Effects of pantothenic acid supplementation on adrenal steroid secretion from male rats.

The effects of pantothenic acid-supplementation on the adrenal secretion of corticosterone and progesterone in male rats were investigated using an in vitro cell culture system. Male rats at 21 d of age were given 0.03% pantothenic acid in their drinking water for 9 weeks. After 9 weeks of treatment, the animals were decapitated, and adrenal cells were cultured in the absence or presence of rat adrenocorticotropic hormone (ACTH; 10(-15) to 10(-10) M) and/or ovine prolactin (oPRL; 10(-9) to 10(-7) M) for 4 h.

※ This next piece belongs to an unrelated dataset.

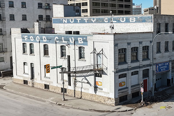 This two-storey brick and stone building at the southwest corner of Portage Avenue East and Westbrook Street in Winnipeg, measuring 30 feet by 87 feet, was designed by local architect Herbert Edward Matthews and built in 1905 for the wholesale biscuit and confectionery distributors D. S. Perrin Company of London, Ontario at a cost of about $30,000.
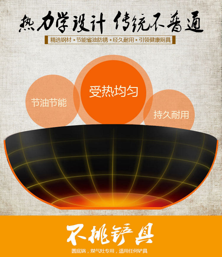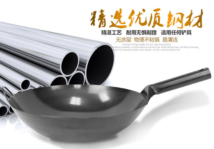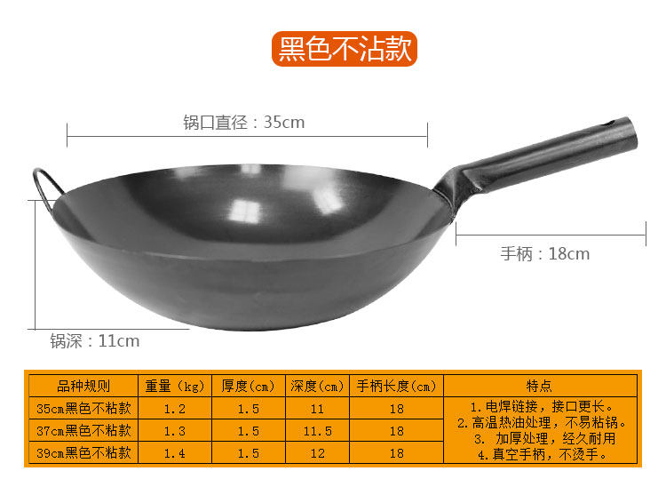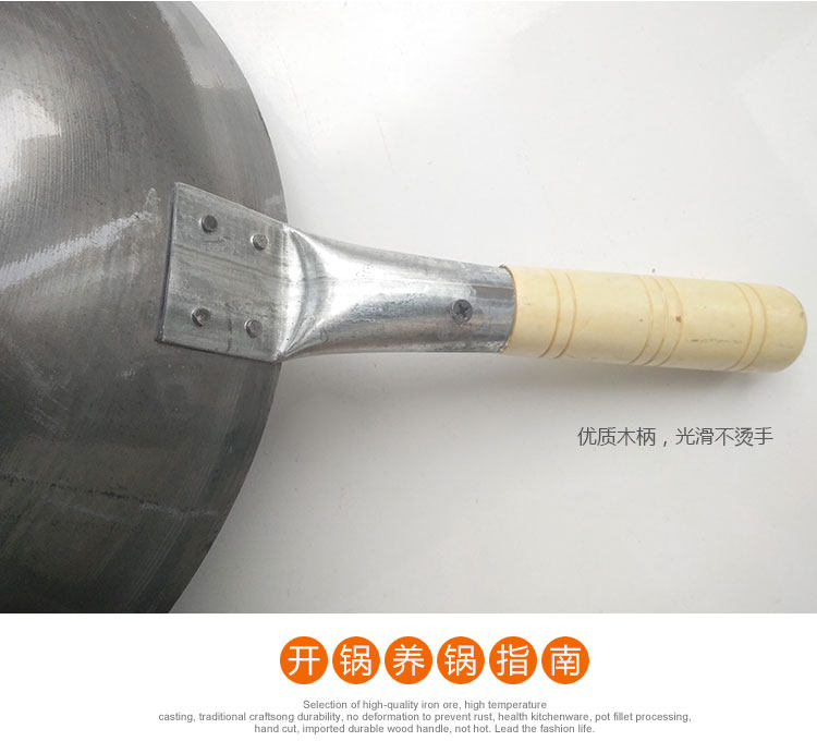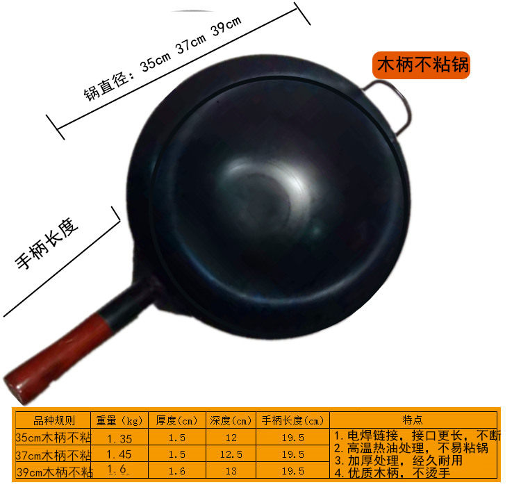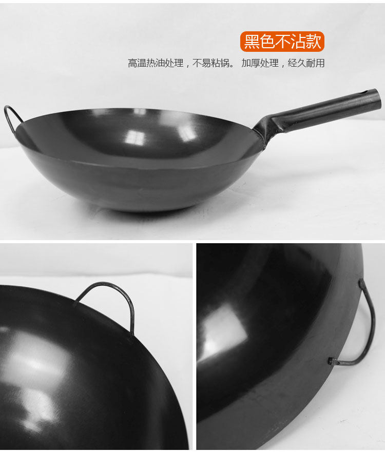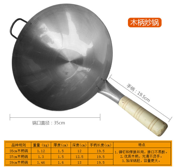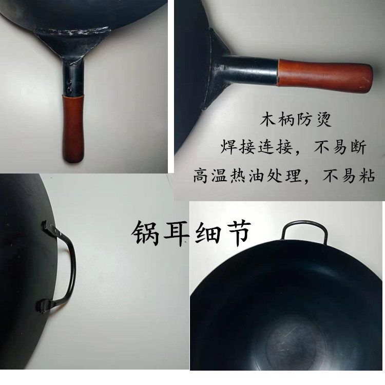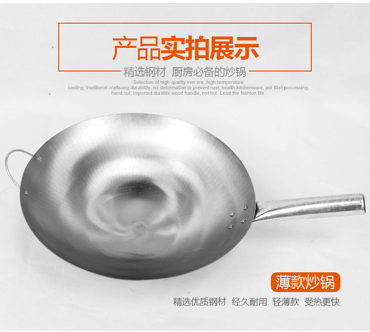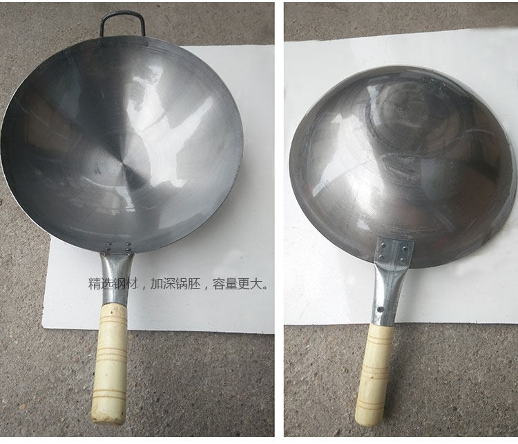 36 38 40 45cm鋼皮鍋 飯店快餐店炒粉炒蛋炒飯鍋 鋼皮鍋 鐵皮鍋 木耙防燙

Adrenal cells in pantothenic acid-treated rats exhibited higher basal levels of corticosterone and progesterone than control rats. The response of ACTH and/or PRL on corticosterone and progesterone release was higher in the pantothenic acid-treated rats than in the control rats. In addition, PRL increased the stimulatory effect of ACTH-induced corticosterone secretion in both normal and pantothenic acid-treated rats. These results clearly demonstrated that pantothenic acid supplementation stimulates the ability of adrenal cells in male rats to secrete corticosterone and progesterone. Additionally, these results also showed that pantothenic acid supplementation induced adrenal hyperresponsiveness to ACTH stimulation, and PRL further stimulated adrenal sensitivity to ACTH.